What would an Obama defense be without the ritual slaying of numerous straw men? “Ready made.” “A few arms.” Who ever said these things?
The fact is that the Obama CIA, Pentagon and State Department (!) all recommended arming the opposition, and Obama refused. Meaning that Obama is basically accusing the entire national security establishment-including his appointments to the top jobs in that establishment-of being fantasists.
Of course it is impossible to know whether this would have been decisive, but it is hard to imagine how it could have turned out any worse than it has.
I would further note that Assad was indeed tottering for a time. His bases were falling. Major cities were falling. Troops were deserting. At that time, additional help to the rebels could have been decisive. But Obama demurred. Russia and Iran did not. They rushed support-arms and fuel and money (literally-Putin flew in planeloads of currency) from Russia, arms and fighters (primarily from Hezbollah but also from the Qods force) from Iran. Assad was brought back from the brink, the war turned into stalemate, and the opposition became increasingly radicalized.
Obama is not entirely to blame here, of course. This is the culmination of years of US policy under both Bushes and Clinton. But in Iraq, Obama was like a doctor who ended an antibiotic treatment prematurely, allowing an infection that had been controlled to come back more virulent than before. And the abdication of any role in Syria made inevitable that the opposition would radicalize.

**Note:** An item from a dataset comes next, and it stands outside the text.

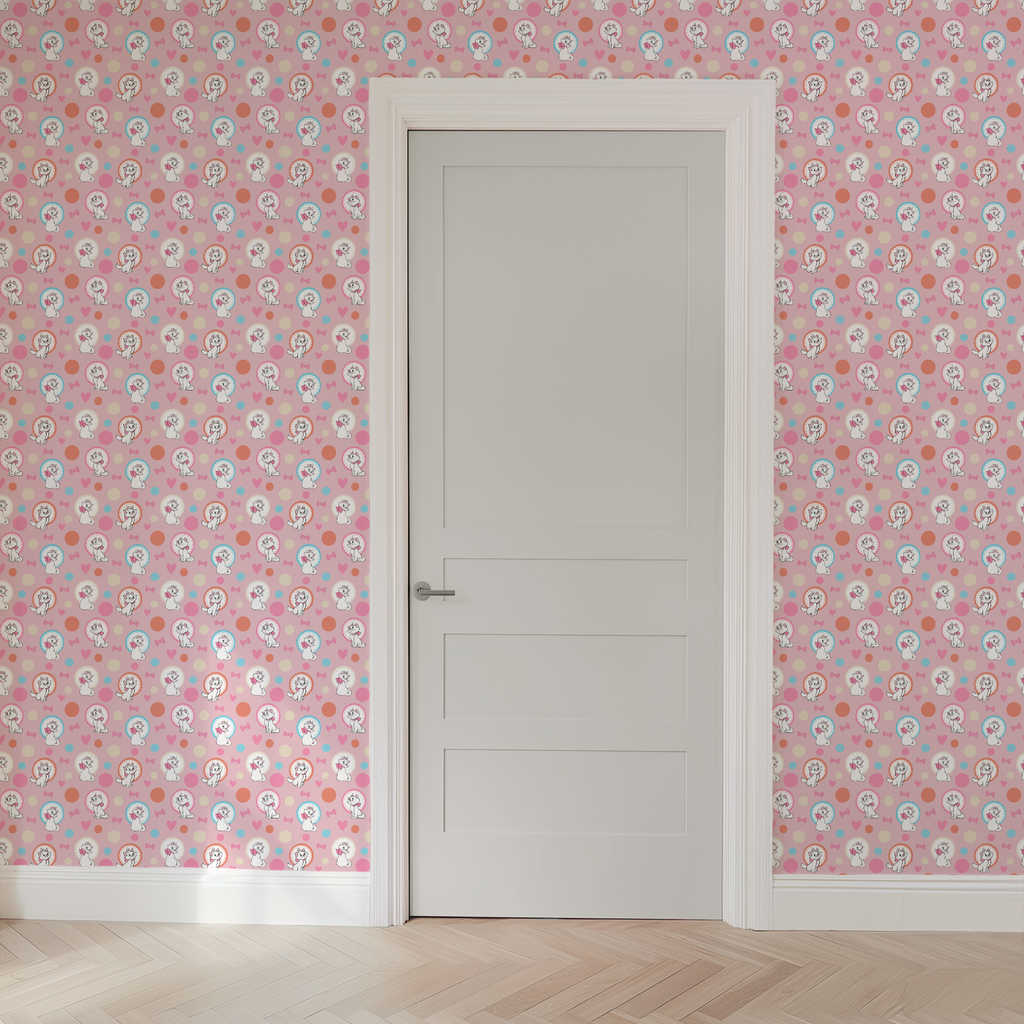 Sweet Marie from The Aristocats on a pastel pink background with polka dots and bows. This whimsical, feminine pattern features the adorable feline character in decorative circular frames.

This is where we are. We are confronted with a choice between a pile of dung and a pile of manure. In other words, no good choices. Allying with Iran is insane. Putting in a token force of 300, which will serve in smaller groups that will have to spend most of their time watching their backs because even our ostensible allies hate Americans and are more than willing to kill us, seems a recipe for disaster. The only non-insane, non-virulently anti-American , and militarily capable force in the region is the Kurds. Maybe we should just throw in with them as a way of containing ISIS.
But our biggest obstacle is that the man that has to make the hard choices has proven utterly incompetent in his past decisions, and what’s more, is totally unwilling to acknowledge that he has made any mistakes in the past. Indeed, rather than acknowledge past misjudgments, he engages in wholesale historical revisionism, and misrepresentations of the current threat, in order to deflect blame. With that attitude and mindset, it is almost inevitable that further debacles will follow on his past blunders. Satayana said those who don’t remember the past are condemned to repeat it. The outcome has to be even worse when someone not just doesn’t remember history, but actively and aggressively distorts it, as Obama is doing now.